Whenever a line in the data holds the string "Cabassa", pull that line out.

GIVEN RECORDS
──────────

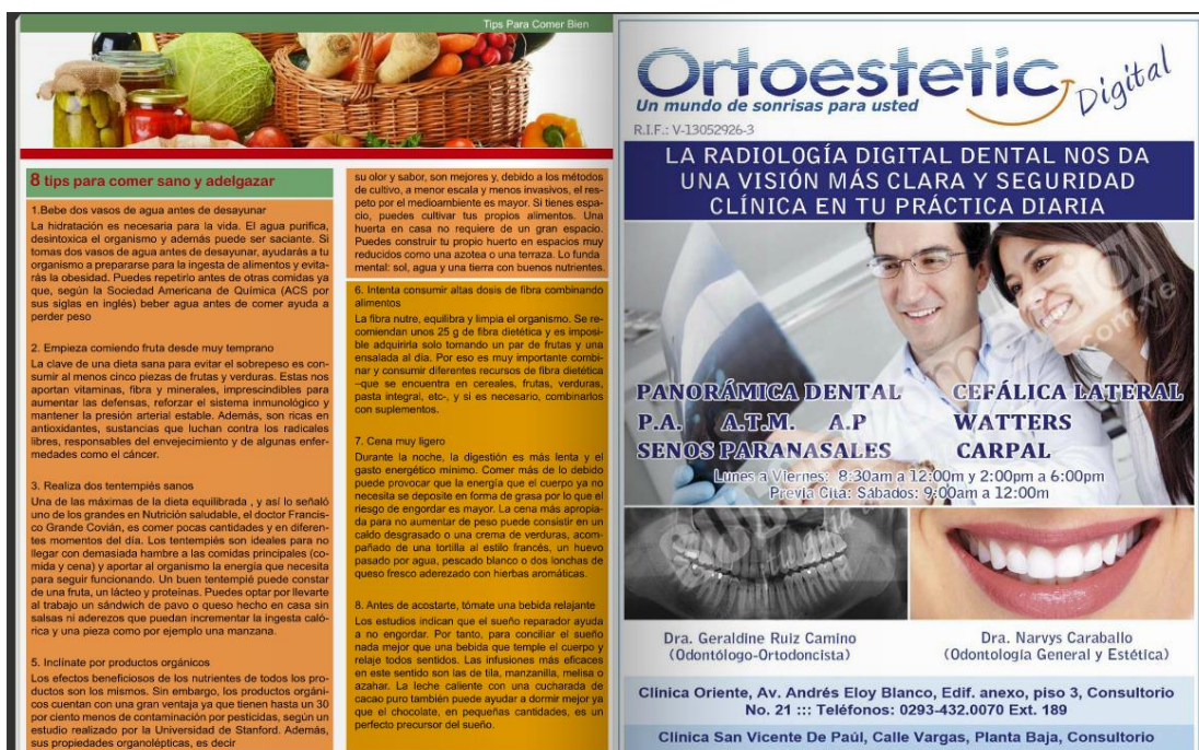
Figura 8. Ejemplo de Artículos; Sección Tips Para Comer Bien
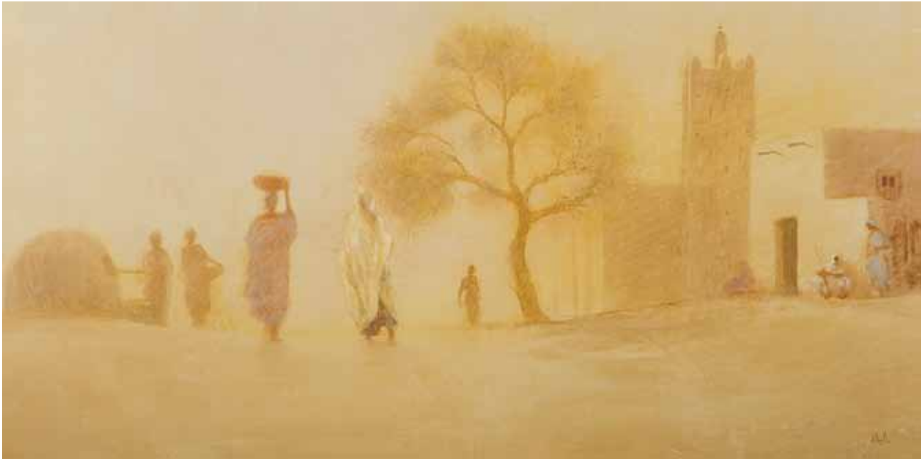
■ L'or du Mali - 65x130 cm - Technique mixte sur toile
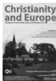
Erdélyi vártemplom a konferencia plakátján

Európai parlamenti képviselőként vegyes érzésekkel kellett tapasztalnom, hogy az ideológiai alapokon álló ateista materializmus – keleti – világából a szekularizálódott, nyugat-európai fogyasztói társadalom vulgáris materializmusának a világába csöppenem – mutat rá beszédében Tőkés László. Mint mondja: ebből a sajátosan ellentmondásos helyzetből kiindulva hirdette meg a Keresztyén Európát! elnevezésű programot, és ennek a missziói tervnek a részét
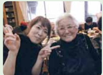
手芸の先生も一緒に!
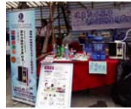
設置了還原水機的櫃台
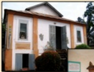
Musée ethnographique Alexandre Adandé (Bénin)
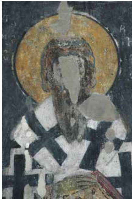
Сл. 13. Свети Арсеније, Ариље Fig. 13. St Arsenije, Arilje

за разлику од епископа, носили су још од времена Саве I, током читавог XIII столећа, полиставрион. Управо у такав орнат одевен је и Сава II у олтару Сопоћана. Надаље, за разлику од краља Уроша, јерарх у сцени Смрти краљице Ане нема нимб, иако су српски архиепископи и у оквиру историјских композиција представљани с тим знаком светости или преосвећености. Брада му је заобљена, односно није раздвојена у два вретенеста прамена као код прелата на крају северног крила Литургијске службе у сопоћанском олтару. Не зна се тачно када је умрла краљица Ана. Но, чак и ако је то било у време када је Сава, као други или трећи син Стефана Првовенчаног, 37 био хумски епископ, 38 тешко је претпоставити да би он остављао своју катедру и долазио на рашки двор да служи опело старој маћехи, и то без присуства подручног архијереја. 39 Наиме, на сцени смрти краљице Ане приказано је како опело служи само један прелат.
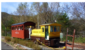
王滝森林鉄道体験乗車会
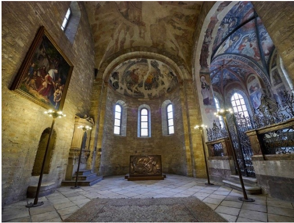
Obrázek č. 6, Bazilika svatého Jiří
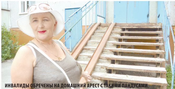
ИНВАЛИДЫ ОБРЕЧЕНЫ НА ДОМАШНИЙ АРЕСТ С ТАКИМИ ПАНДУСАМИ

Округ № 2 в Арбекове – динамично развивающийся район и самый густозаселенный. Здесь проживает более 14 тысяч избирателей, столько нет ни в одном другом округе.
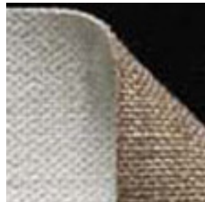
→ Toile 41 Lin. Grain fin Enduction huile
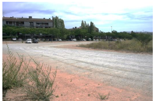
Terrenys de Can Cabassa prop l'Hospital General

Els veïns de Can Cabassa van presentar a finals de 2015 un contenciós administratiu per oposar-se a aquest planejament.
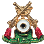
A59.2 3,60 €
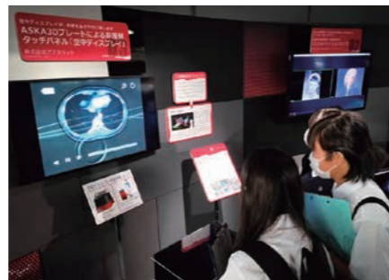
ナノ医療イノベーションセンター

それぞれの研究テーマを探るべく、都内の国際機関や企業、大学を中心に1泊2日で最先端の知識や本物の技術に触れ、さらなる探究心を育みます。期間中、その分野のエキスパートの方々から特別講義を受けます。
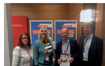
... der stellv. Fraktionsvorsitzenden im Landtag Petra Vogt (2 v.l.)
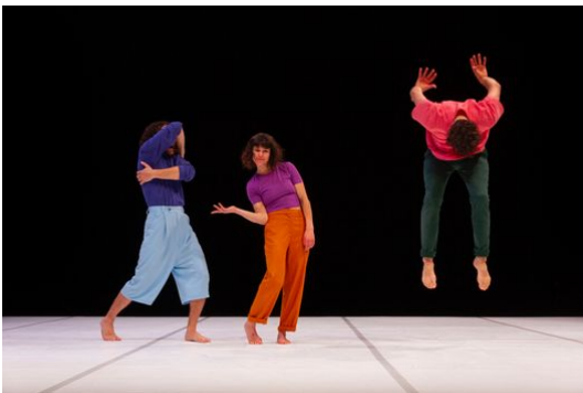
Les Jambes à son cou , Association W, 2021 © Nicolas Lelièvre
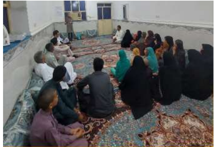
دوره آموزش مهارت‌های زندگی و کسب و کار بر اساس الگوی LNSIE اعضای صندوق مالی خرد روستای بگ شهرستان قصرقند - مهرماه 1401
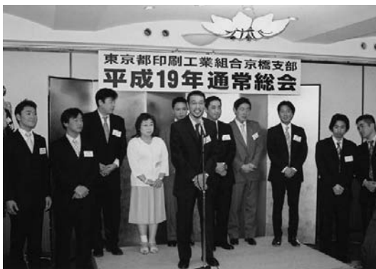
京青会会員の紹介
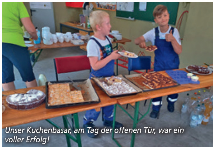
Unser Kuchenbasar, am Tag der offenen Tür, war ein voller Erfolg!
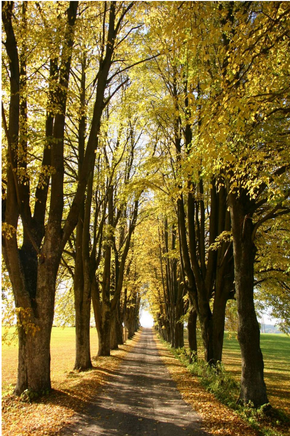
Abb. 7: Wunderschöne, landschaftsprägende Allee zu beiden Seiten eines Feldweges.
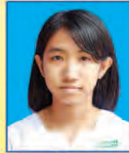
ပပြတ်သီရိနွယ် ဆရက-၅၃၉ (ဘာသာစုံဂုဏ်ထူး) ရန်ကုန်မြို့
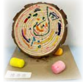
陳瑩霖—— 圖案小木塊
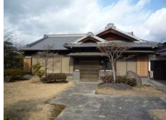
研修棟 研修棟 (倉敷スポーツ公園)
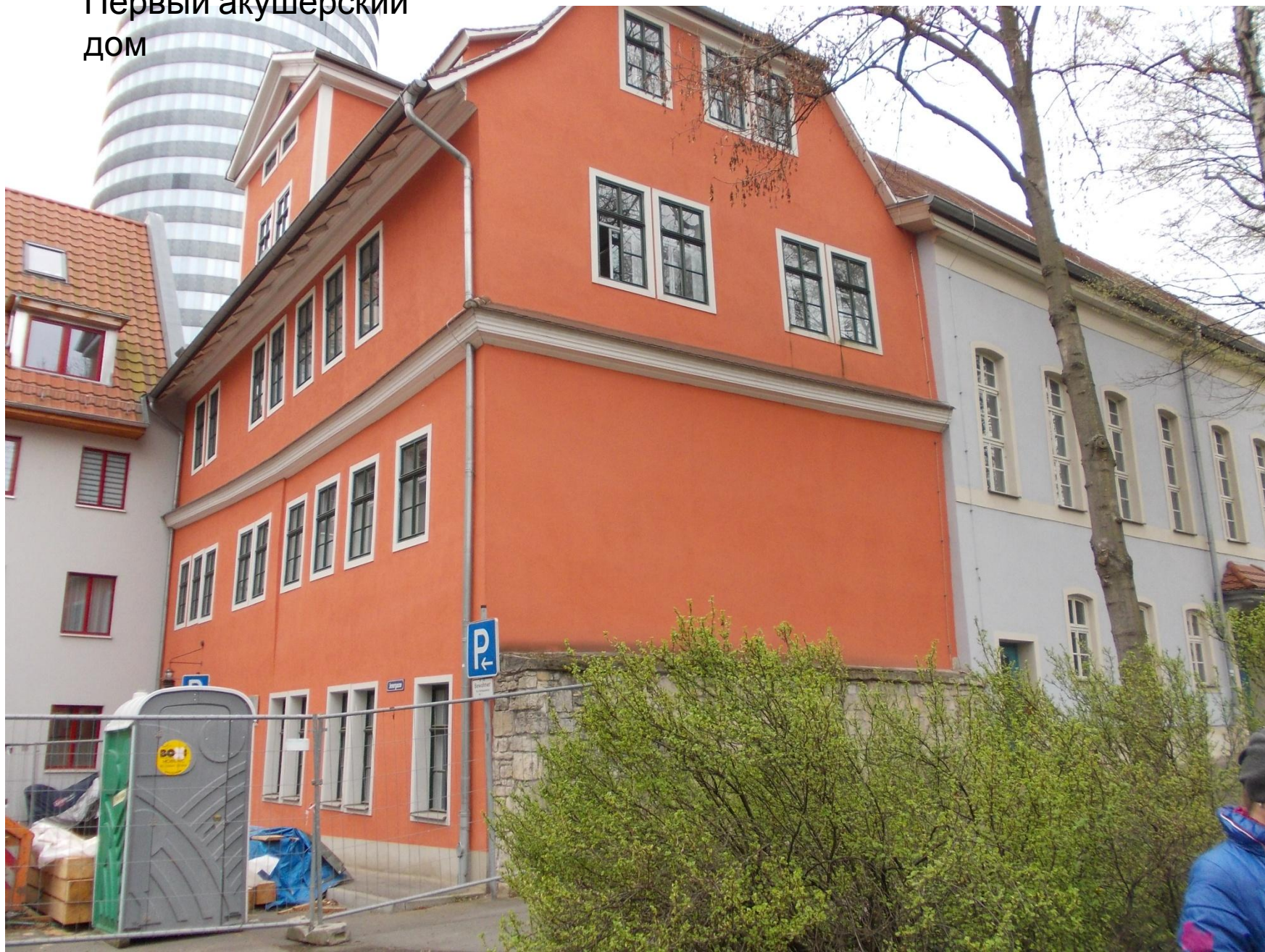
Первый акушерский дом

──────────

ANSWER SPACE
Terrenys de Can Cabassa prop l'Hospital General
Els veïns de Can Cabassa van presentar a finals de 2015 un contenciós administratiu per oposar-se a aquest planejament.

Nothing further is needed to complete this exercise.